Measurement instruments based on the IRT have some specific advantages. A clinician can select a set of items which is applicable to the population that is investigated, not all items from the itembank are needed to obtain a score. For example, very easy items do not have to be presented to minor disabled patients. Therefore, the ALDS can be administered in a time-efficient way (in this study between 5-10 minutes). There are some essential aspects to be aware of. As mentioned before, to prevent floor and ceiling effects (i.e. the extent to which respondents score at the bottom or top of a scale) it is very important to ask a patient activities he is able to do and also activities he is not able to do, instead of asking too difficult or too easy questions. If one does so, it does not matter which questions are picked to assess patient's disability level, since the ALDS is based on the IRT. The latter is, as we found out, the most difficult part of the ALDS to appreciate by those who are used to work with the traditional questionnaires.

Some limitations of this study should be recognized. A repeated measurement with an instrument in the same patient or using different interviewers must give more or less the same outcome in the case of an unchanged patient. In the present study, we did not analyze test-retest or between-interviewer reliability. Yet, in a previous study with the ALDS in patients with rheumatoid arthritis, excellent test-retest reliability was found with an Intra Class Coefficient of 0.93 [14]. Other disadvantages are that the ALDS interviewer was not blinded to patient characteristics and that we studied a relatively small number of patients. This must be taking into account when interpreting the results.
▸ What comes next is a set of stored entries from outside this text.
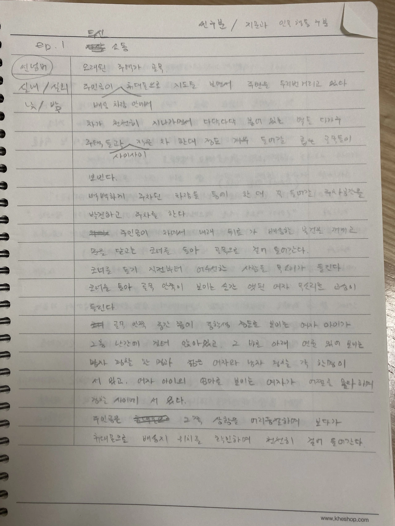 '일단 쓰기 시작하라'는 아내의 조언을 듣자마자 노트와 연필 하나를 들고 적기 시작한 글입니다. 제게 중요한 건 말 그대로 일단 써보는 것이었기 때문에 우선 적어두고 싶었던 사건 하나를 생각나는 대로 글로 옮겨두었습니다.
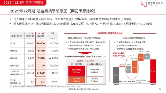 当期純利益は、過去最高益を更新するとともに、中期経営計画で掲げる当期純利益70億円(2026年12月期)を前倒しで達成する見通しです。なお、営業利益及び経常利益の減少については、資産入替による固定資産の売却(特別利益の計上)を踏まえ、売却案件を見直したことによるものです。
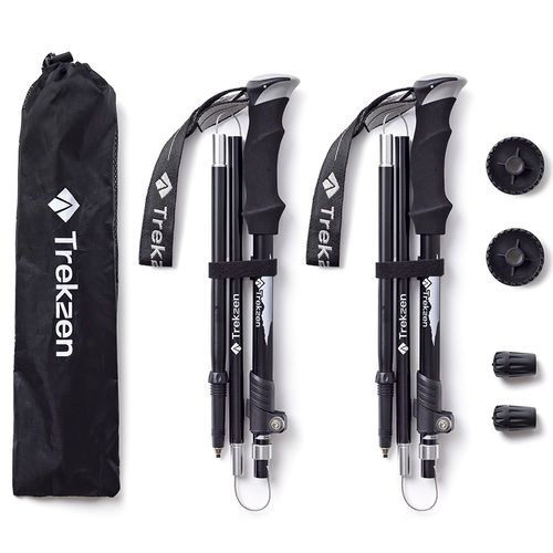 트렉젠 3단 접이식 초경량 등산스틱 2p 세트, 블랙, 2개
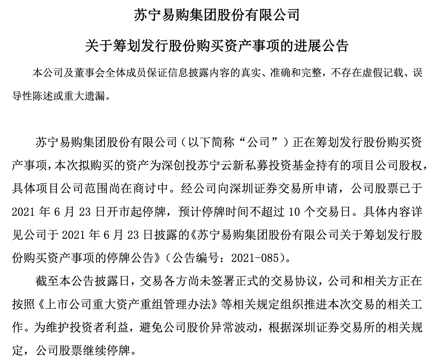 6月22日,苏宁易购再次发布公告称,公司正筹划发行股份购买资产事项,具体项目公司范围尚在商讨中。公司股票将自2021年6月23日停牌。
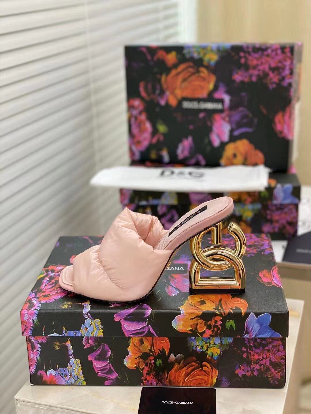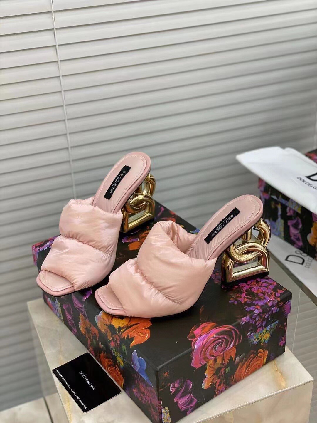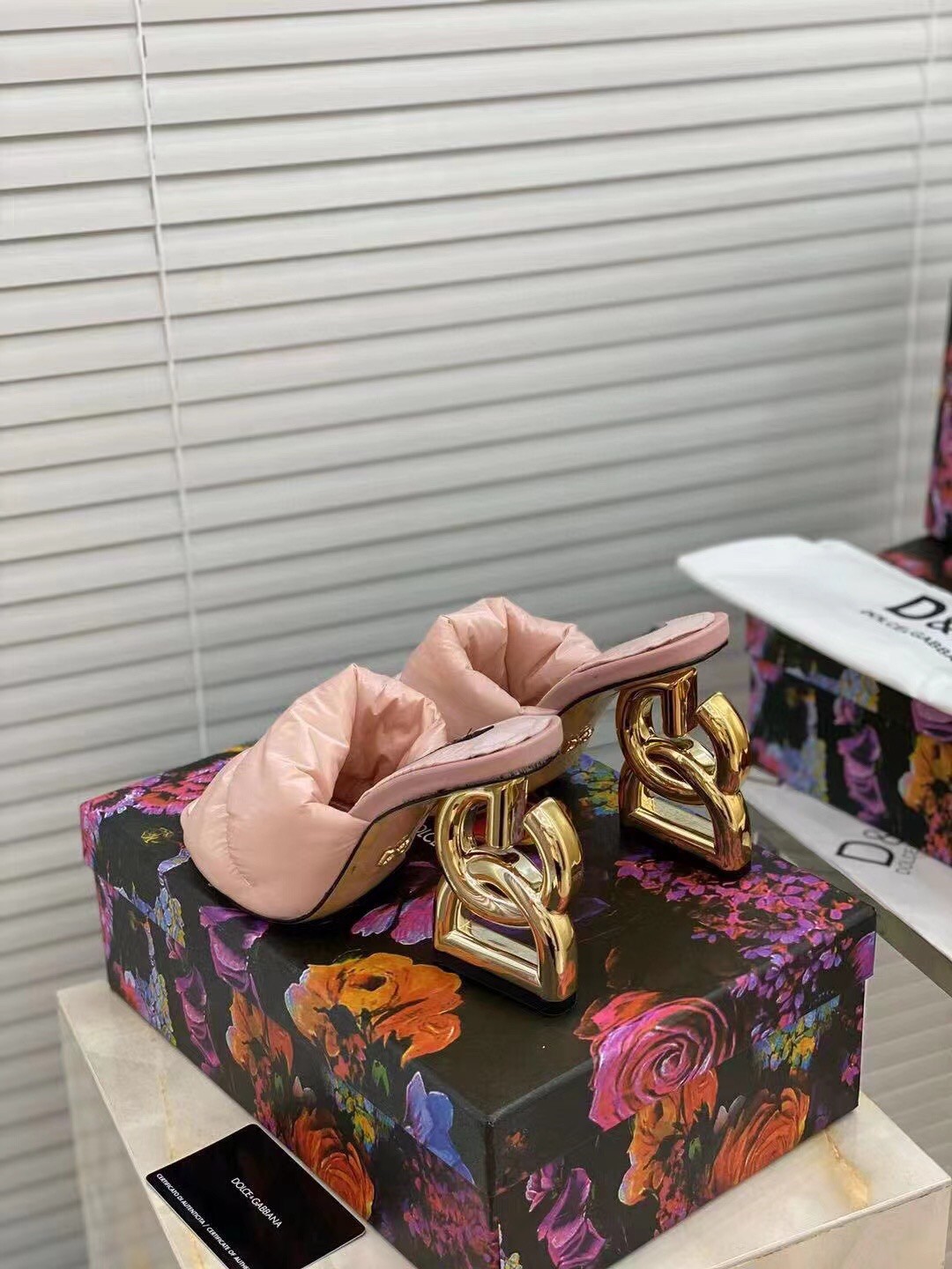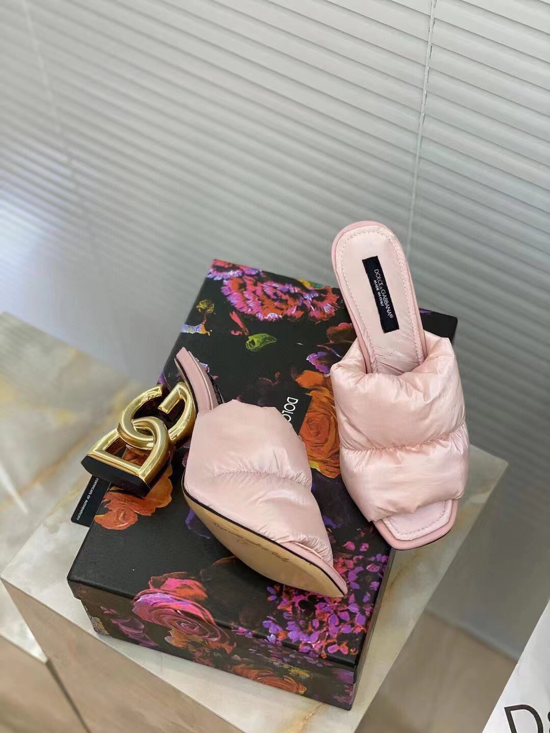 Dolce & Gabbana Pink Down-padded Mules with DG Pop Heel
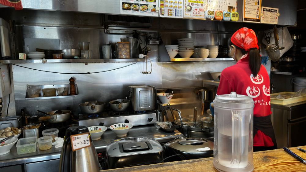 £5.90 from a tiny, 12 seat ramen shop in Denden Town, Osaka. Those 12 seats were spread over two floors. 😄
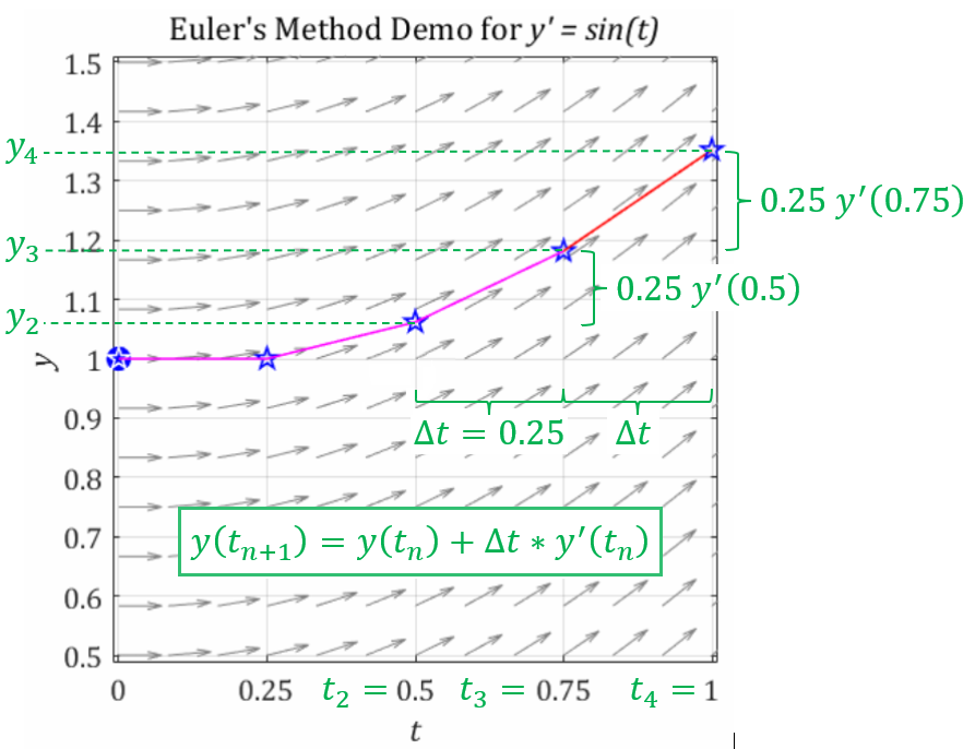 \[y(t_{n+1})=y(t_n)+\Delta t \sin(t_n).\]

As the objective of this validation study was to investigate the measurement properties of ALDS in patients with different stages of PAD, we deliberately selected patients for inclusion, instead of consecutive enrolment, to guarantee that the whole spectrum of PAD was represented in our sample. There is no reason to assume that this non-consecutive inclusion has influenced our psychometrical findings.

Conclusion

Our study must be seen as a first step in the process of validation of the ALDS in patients with PAD. Further evaluation of this instrument, especially with regard to the test-retest and between-reviewer reliability and the presence of floor and ceiling effects, is needed in a larger consecutive patient population. We think the instrument could be particularly useful in research, to measure the effect of treatment. Before this, the responsiveness of the ALDS to health change over time must be investigated. In conclusion, the results of this pilot study show that the ALDS has promising metric properties and is a potentially useful tool to measure activities of daily life in patients with PAD.